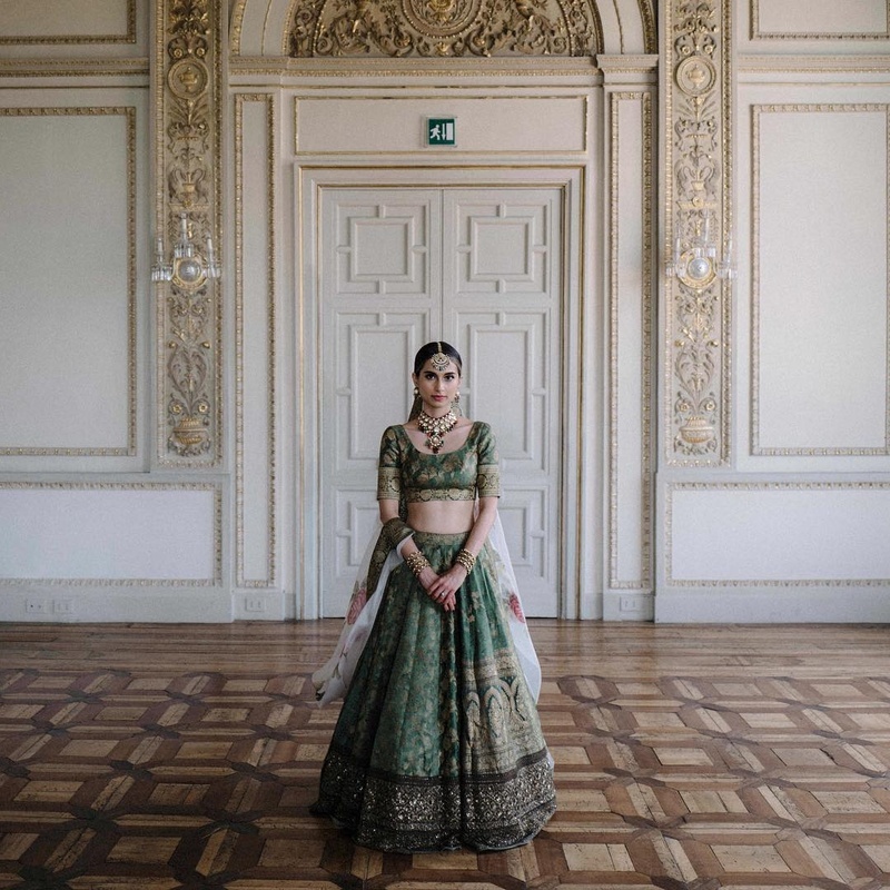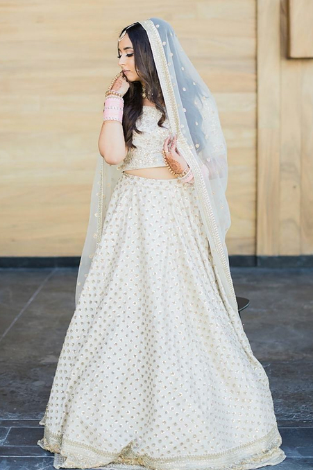 This intricate, layered style is perfect to add some richness to minimalistic lehenga styles.
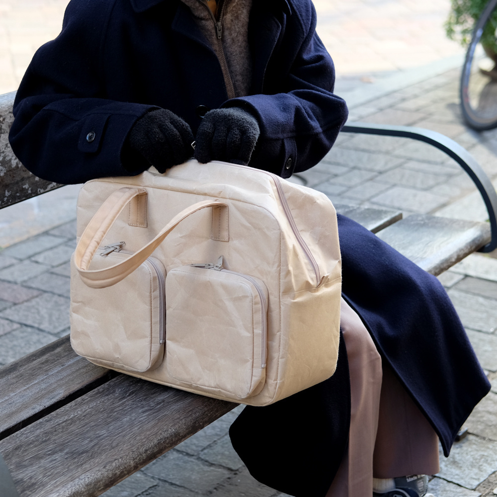 開口部のジッパーは本体の横まで広く開くことができますから、モノの出し入れもラクにしました。さらにハンドルは横幅3センチ。荷物が重くなったときは肩掛けが可能。布巻きにして握りやすく、本体にしっかり固定しました。
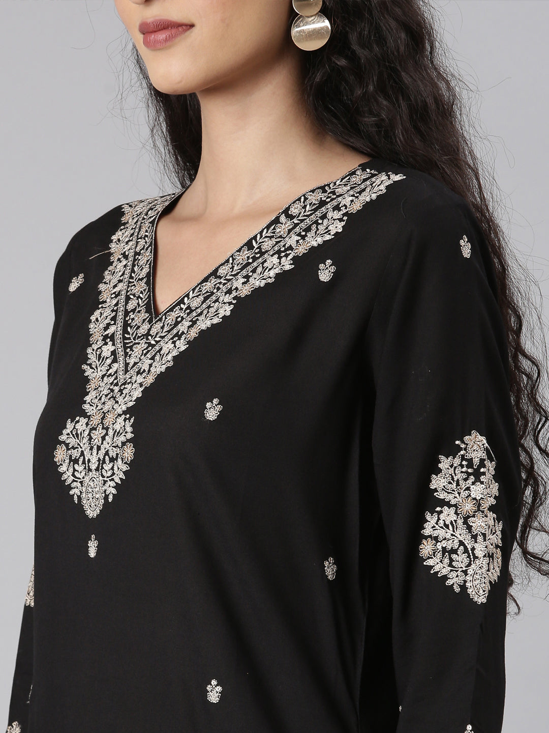 Neerus Black Straight Casual Solid Kurta Sets Elevate your casual wardrobe with this striking and versatile set. Perfect for any occasion, this kurta set offers effortless style and comfort all day long.
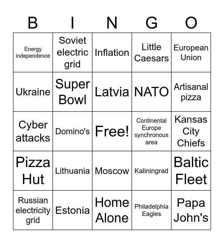 This bingo card has a free space and 24 words: Lithuania, Estonia, Latvia, Russian electricity grid, European Union, Energy independence, Ukraine, Soviet electric grid, Continental Europe synchronous area, Moscow, NATO, Cyber attacks, Kaliningrad, Baltic Fleet, Super Bowl, Philadelphia Eagles, Kansas City Chiefs, Inflation, Artisanal pizza, Domino's, Papa John's, Pizza Hut, Little Caesars and Home Alone.
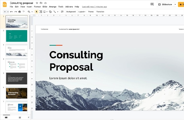 Step 3: Google Slides records your presentation automatically as you create it. At the top of the slideshow screen, you'll see that it was saved to your Google Drive and when you made the last edit.
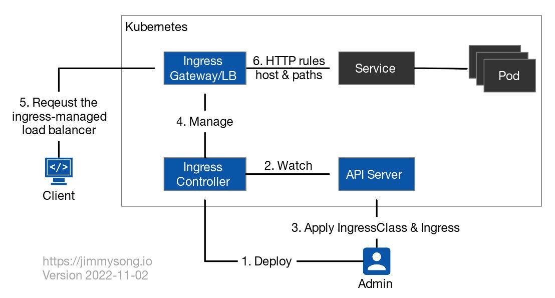 Ingress 的主要目标是用简单的、声明性的语法来暴露 HTTP 应用。你可以在 Kubernetes 中部署多种 Ingress Controller,并在创建 Ingress 的时候通过 IngressClass 指定该网关使用的控制器,或者在 Kubernetes 中设置默认的默认的 IngressClass。Kubernetes 默认只支持 AWS、GCE 和 Nginx Ingress Controller,同时还支持大量的第三方 Ingress Controller。
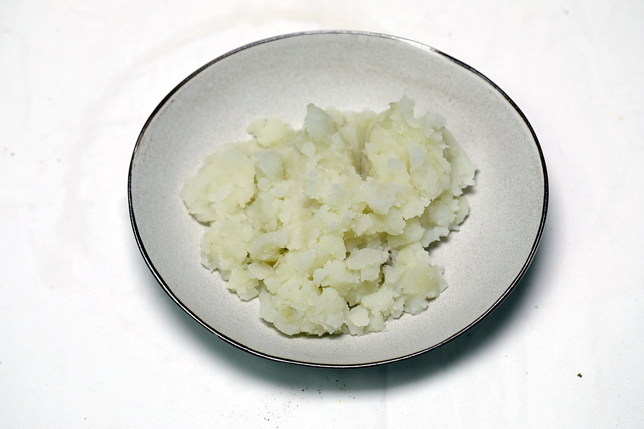 2. 감자는 껍질을 벗겨 찜통에 찐 후 으깬다.
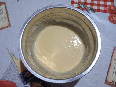 Взбитые белки вмешайте в тесто лопаткой движениями снизу вверх. Делать это нужно аккуратно, чтобы не нарушить воздушность белков.
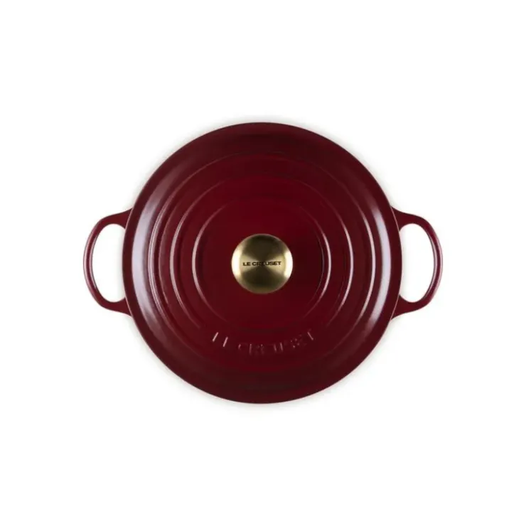 Marmite en Fonte 26 cm Garnet Bouton Doré Le Creuset Signature
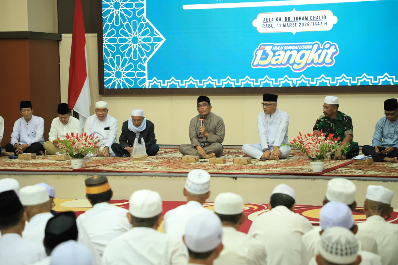 ‎Bupati HSU H Sahrujani hadiri kegiatan Takmir Ramadan PWRI HSU di aula Dr KH Idham Chalid, Rabu (11/3/2026) petang. Foto: diskominfohsu
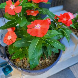 日々草(ビンカ)💠 今更ですが夏のお花をお迎えしました😅 お迎えした次の日から雨続き☔ 今日はやっと🌥 お日さま出ておいで〜🙋✨ これから切り戻しをします✂ 盛りもりになるといいなぁ😊
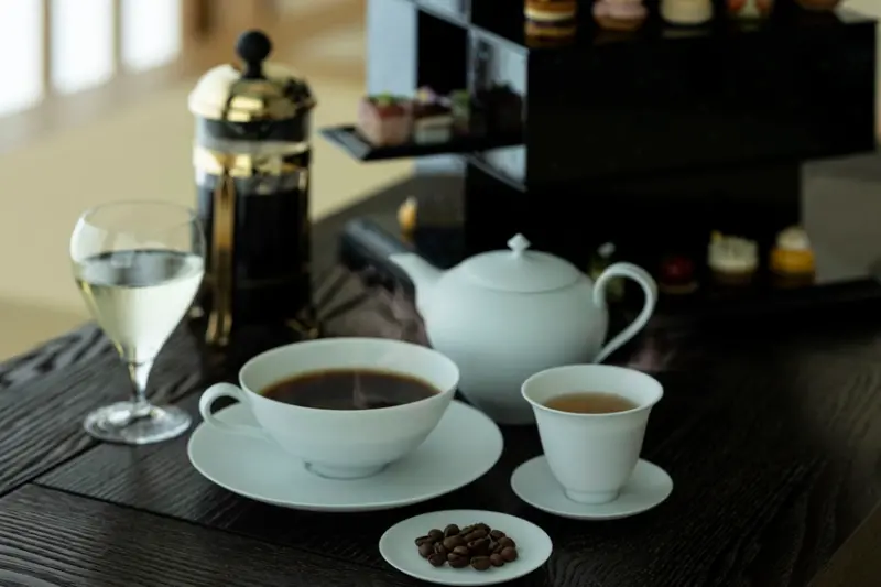 茶事的主角「濃茶」,是將泡好的濃茶裝在一只茶碗,出席茶事的人們輪流共飲,「虹夕諾雅 東京」仿效此方法,但以法式濾壓壺來提供咖啡,並在猿田彥珈琲協助之下選定頂級咖啡豆,為配合主菓子的柑橘及櫻花等較清爽的口味,使用能感受到莓果果香與微苦滋味的豆子,並採用「厭氧發酵處理法」使咖啡豆發酵的手法以搭配發酵食材。
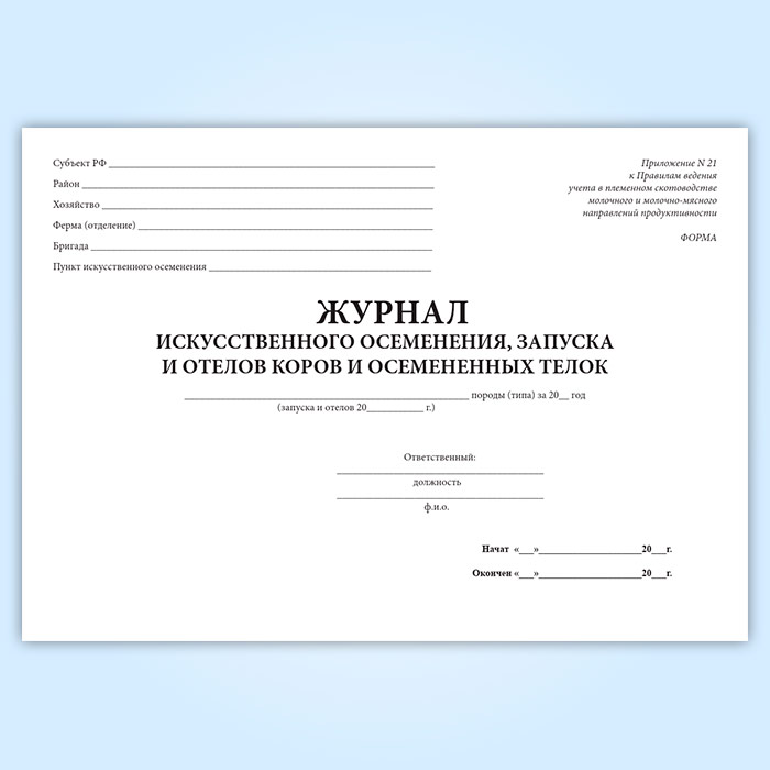 Журнал искусственного осеменения, запуска и отелов коров и осемененных телок в Чите купить
____
Only the lines from the one containing "This bingo card" through the final line of the material should appear in the answer, copied exactly and without any picture.

Exercise result:
 This bingo card has a free space and 24 words: Lithuania, Estonia, Latvia, Russian electricity grid, European Union, Energy independence, Ukraine, Soviet electric grid, Continental Europe synchronous area, Moscow, NATO, Cyber attacks, Kaliningrad, Baltic Fleet, Super Bowl, Philadelphia Eagles, Kansas City Chiefs, Inflation, Artisanal pizza, Domino's, Papa John's, Pizza Hut, Little Caesars and Home Alone.
 Step 3: Google Slides records your presentation automatically as you create it. At the top of the slideshow screen, you'll see that it was saved to your Google Drive and when you made the last edit.
 Ingress 的主要目标是用简单的、声明性的语法来暴露 HTTP 应用。你可以在 Kubernetes 中部署多种 Ingress Controller,并在创建 Ingress 的时候通过 IngressClass 指定该网关使用的控制器,或者在 Kubernetes 中设置默认的默认的 IngressClass。Kubernetes 默认只支持 AWS、GCE 和 Nginx Ingress Controller,同时还支持大量的第三方 Ingress Controller。
 2. 감자는 껍질을 벗겨 찜통에 찐 후 으깬다.
 Взбитые белки вмешайте в тесто лопаткой движениями снизу вверх. Делать это нужно аккуратно, чтобы не нарушить воздушность белков.
 Marmite en Fonte 26 cm Garnet Bouton Doré Le Creuset Signature
 ‎Bupati HSU H Sahrujani hadiri kegiatan Takmir Ramadan PWRI HSU di aula Dr KH Idham Chalid, Rabu (11/3/2026) petang. Foto: diskominfohsu
 日々草(ビンカ)💠 今更ですが夏のお花をお迎えしました😅 お迎えした次の日から雨続き☔ 今日はやっと🌥 お日さま出ておいで〜🙋✨ これから切り戻しをします✂ 盛りもりになるといいなぁ😊
 茶事的主角「濃茶」,是將泡好的濃茶裝在一只茶碗,出席茶事的人們輪流共飲,「虹夕諾雅 東京」仿效此方法,但以法式濾壓壺來提供咖啡,並在猿田彥珈琲協助之下選定頂級咖啡豆,為配合主菓子的柑橘及櫻花等較清爽的口味,使用能感受到莓果果香與微苦滋味的豆子,並採用「厭氧發酵處理法」使咖啡豆發酵的手法以搭配發酵食材。
 Журнал искусственного осеменения, запуска и отелов коров и осемененных телок в Чите купить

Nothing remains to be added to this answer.